One In A Million

I knew very little about Parkinson’s disease prior to my diagnoses. Like most people I only knew of the outward signs of the disease, the infamous tremor. And yet that knowledge alone was enough to reduce me to tears, little did I know that was only the tip of the iceberg. After going to a couple lectures, reality set in, the remainder of my life would be spent living in a constantly changing world with only my intestinal fortitude to rely on, this was going to be a challenge. 

My wife and I were talking, I will change that, I was talking and she was listening about my experience living with Parkinson’s.

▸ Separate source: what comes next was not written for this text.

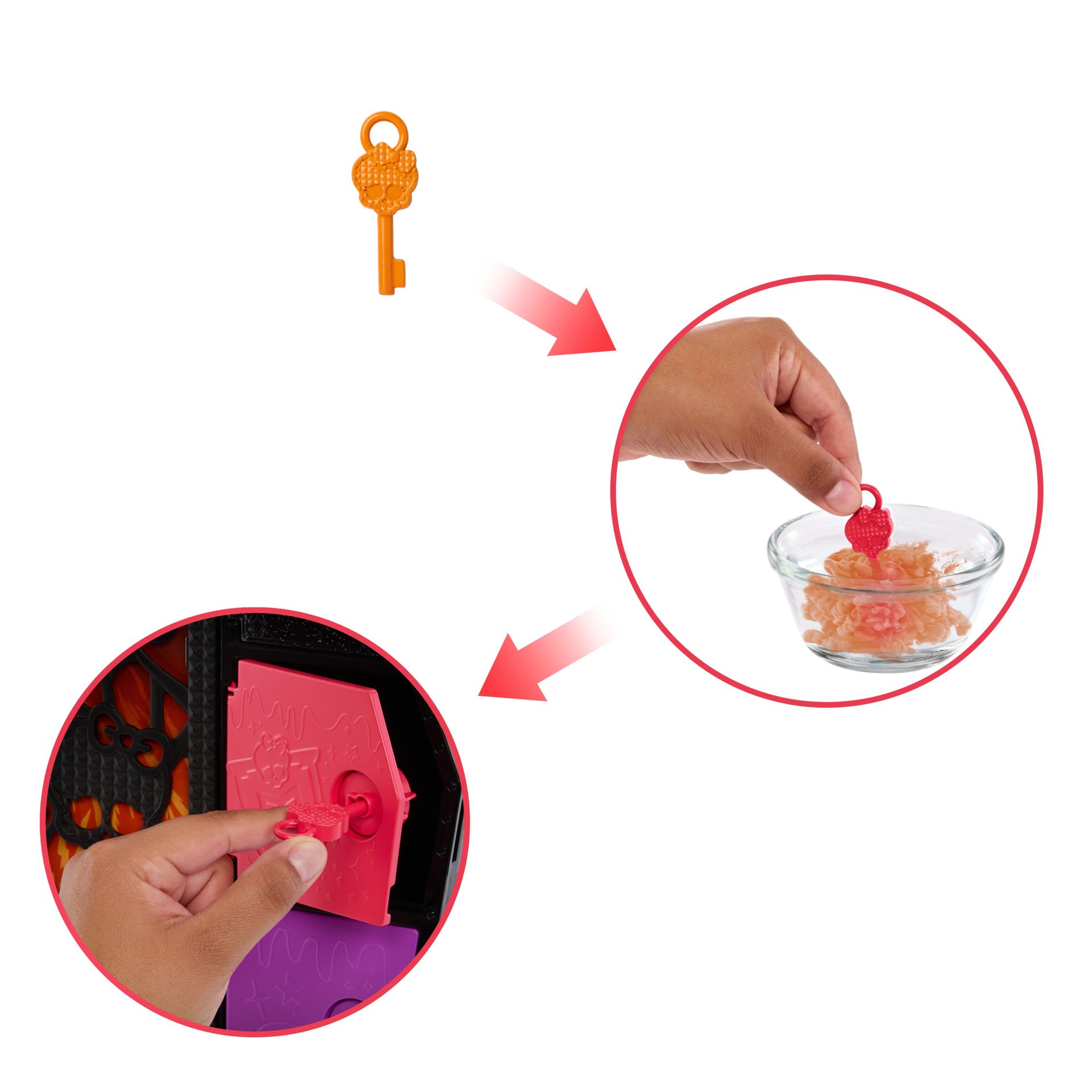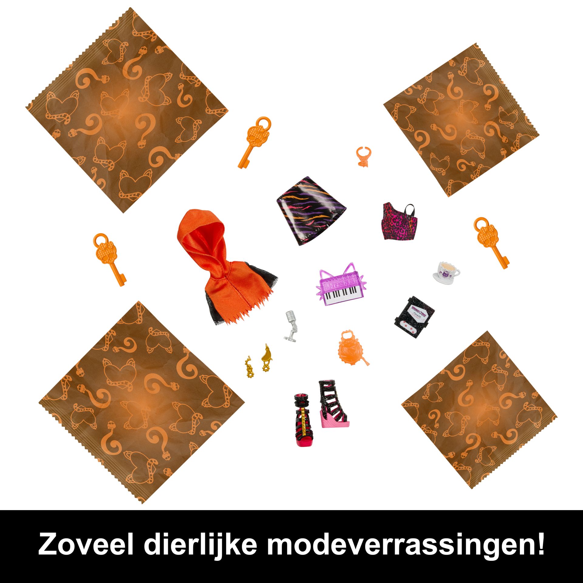 Skulltimate Secrets Toralei Stripe heeft meer dan 19 fel gekleurde verrassingen bij zich die de fantasie prikkelen, van een hoodie en een kop thee tot een opnamemicrofoon en een keyboard. Je kunt wel 125 verschillende looks verzinnen!

After boring her to death pissing and moaning (I was having a bad day) she asked a simple question, “what’s it like having Parkinson’s?”. In the two years since my diagnoses that was the first time, she had asked me that question.  I explained it this way, my whole life I have been living in a hula hoop world, it was like threading a string through a hula hoop, easy and automatic. As my disease has progressed my hula hoop has become an eye of a needle, nothing is what it once was, easy is no longer in my vocabulary, it has been replaced by “less hard”.

 The key to my success in the future will come down to how well I learn to adapt, as my world changes will I be one step ahead or two steps behind? My history has shown that I am at my best when I am faced with big obstacles. But this is a different beast, at fives old I was too young to know I may never walk again without the support of a leg brace; so, I pushed and clawed my way to a normal life in spite of the doctor’s prediction.  At sixty, I am old enough to know that I can only control what I think and feel and everything else is out of my control. There is still plenty of pushing and clawing left in the old boy that’s for sure, only this time it is in a gym, not a playground. 

 As I continue on this journey, we call life, I tend to do a lot of reflecting on the past. And what I have found is I have threaded many needles throughout my life, I have been poked and scratched but I always found a way to get the thread through the eye, why should this time be any different I thought. But I will be honest, I really miss my hula hoop.